- **DATA PROVIDED**:
>>>>>

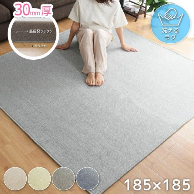 ラグ 厚手 高反発 下敷きラグセット 30mm厚 カバー付き 洗える 春夏用 ラグサイズ 約185×185cm 北欧 ヘリンボーン 平織 無地 ボーダー ニュアンスカラー くすみ おしゃれ ノーイ ボリュームラグプラス
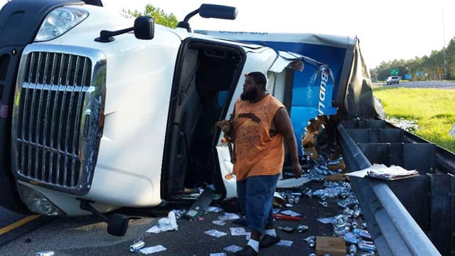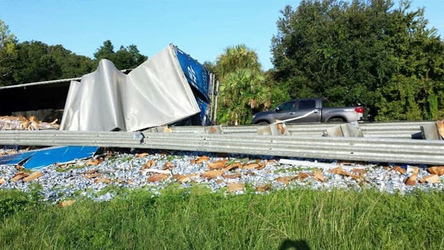 Un camión lleno de cerveza se volcó esta mañana en la I-75 a la altura de Tampa esparciendo cientos de latas en el pavimento.
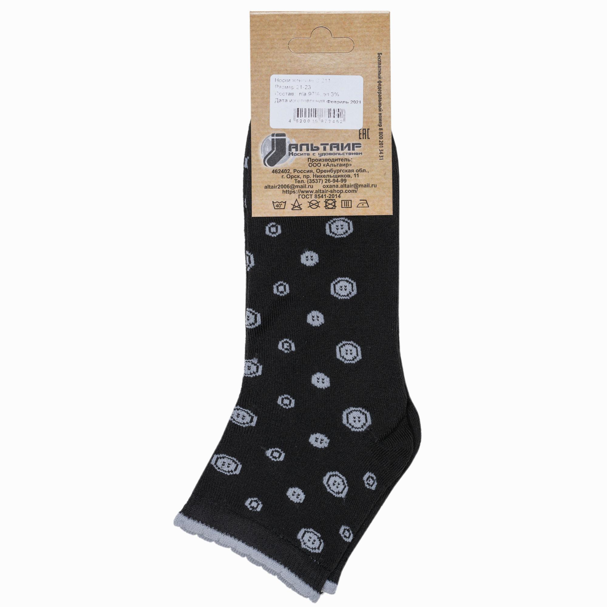Круглогодичные короткие женские носки, цвет черный, повседневные, шов обычный (не бесшовные), принт (рисунок): мелкий принт, с узором, состав: 97% полиамид, 3% эластан, арт. С211. Производитель «ООО Альтаир, г. Орск, Оренбургская обл, Россия» под брендом «Альтаир».
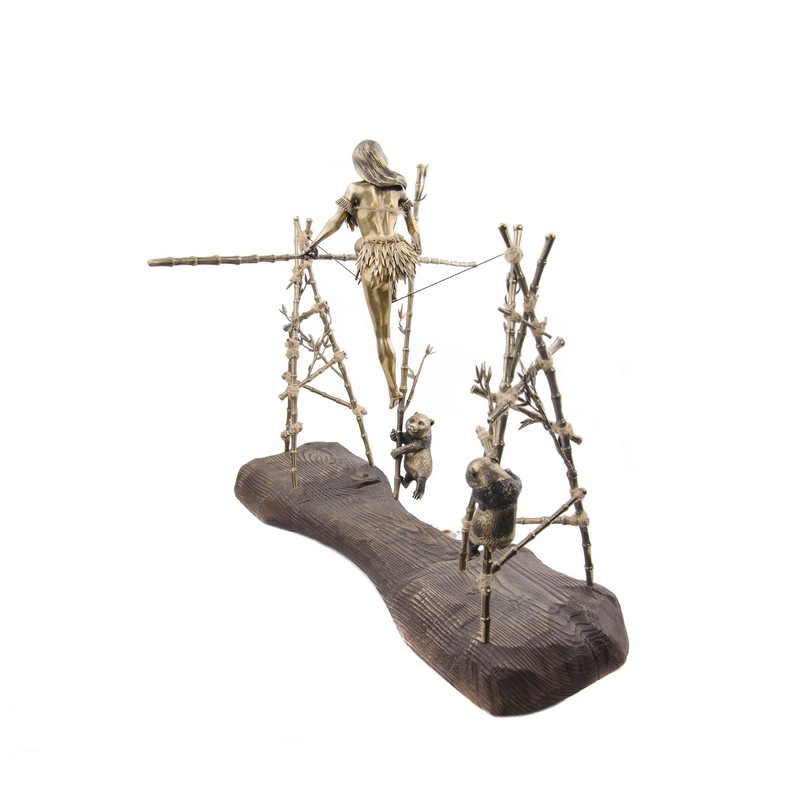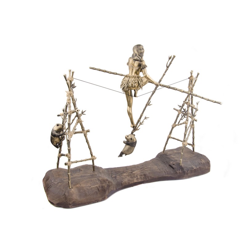 Бронзовая композиция «Балансирующая девушка с пандой»
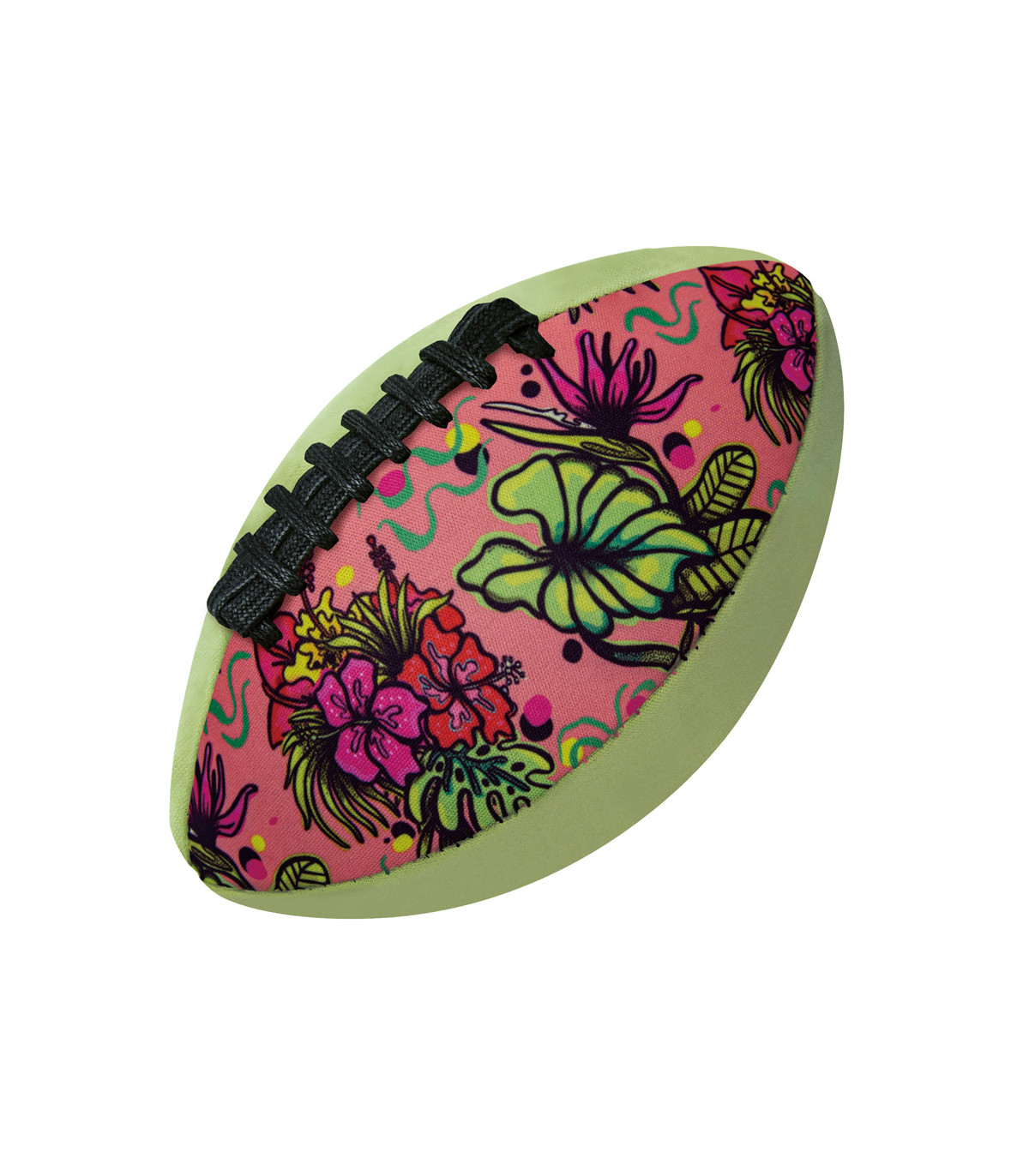 Pelota clásica de fútbol americano en tamaño chico, ideal para que los chicos jueguen en la playa o el agua. Impermeable, con núcleo de goma espuma, grip antideslizante y cubierta de lycra. Edad: +6
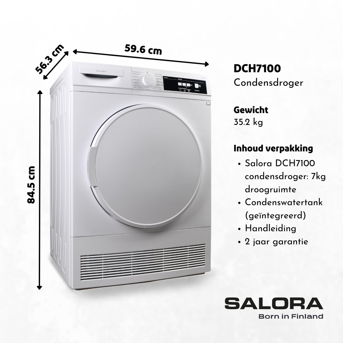 De Salora DCH7100 condensdroger maakt drogen eenvoudig voor Nederlandse huishoudens zonder afvoergedoe. Met 7 kg capaciteit en een geïntegreerd condensreservoir plaats je hem vrijstaand en leeg je simpel het water.
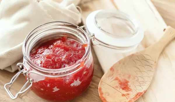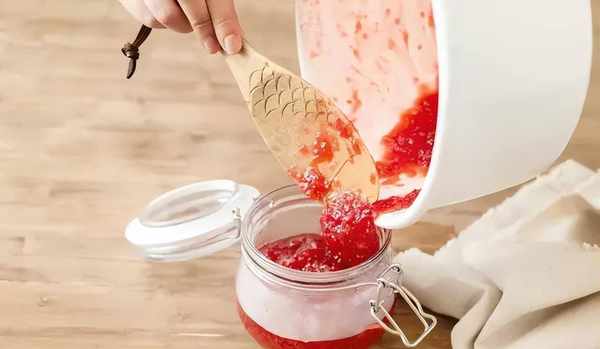 趁热,将其放入玻璃瓶中,然后将其倒置,这样空气就不会进入瓶子,细菌也无法进入。制成的果酱应存放在冰箱中。开封前保质期3个月,开封后1个月。
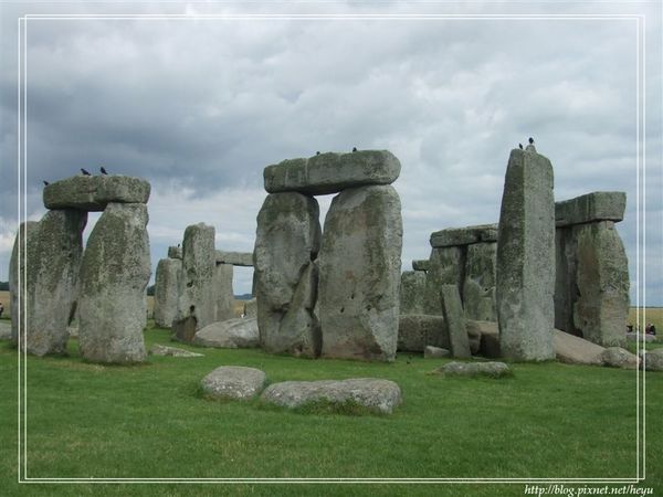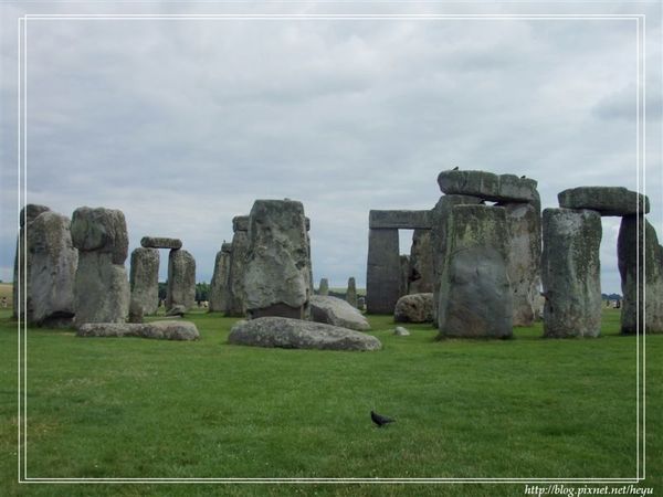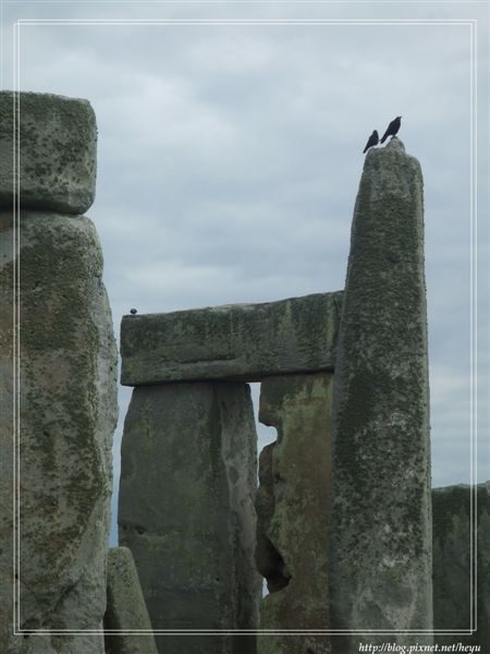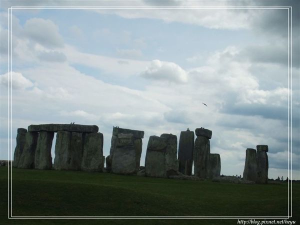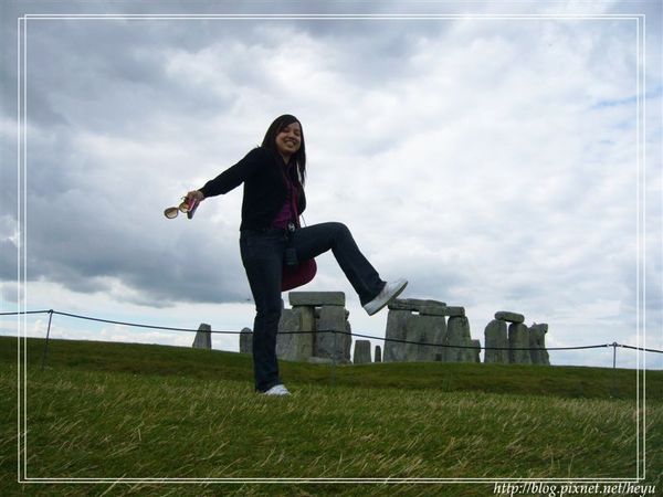 嘻嘻,也有傳說這是外星人的傑作哦!我個人對外星人非常有興趣,也傾向相信這是外星人留給地球人的暗號,不過究竟是代表甚麼意思咧?眾說紛紜。題外話,我們從巴斯到巨石陣的路上還經過了大名鼎鼎的白馬圖像以及麥田圈哦,尤其那白馬圖真的很酷耶,可惜我們並沒有稍做停留,否則我就能夠拍個幾張照片與大家分享啦!!感覺上英國是個外星人很愛來觀光的地方,而且不是來看看而已,還會淘氣地在地面上留個到此一遊的簽名紀念。

<<<<<

- **PROBLEM REQUIREMENTS**: Word for word, retype the lines in the entries above that run from the one with "De Salora DCH7100" through the one with "趁热,将其放入玻璃瓶中,然后". Both ends count; pictures do not.

- **ANSWER SPACE**:
 De Salora DCH7100 condensdroger maakt drogen eenvoudig voor Nederlandse huishoudens zonder afvoergedoe. Met 7 kg capaciteit en een geïntegreerd condensreservoir plaats je hem vrijstaand en leeg je simpel het water.
 趁热,将其放入玻璃瓶中,然后将其倒置,这样空气就不会进入瓶子,细菌也无法进入。制成的果酱应存放在冰箱中。开封前保质期3个月,开封后1个月。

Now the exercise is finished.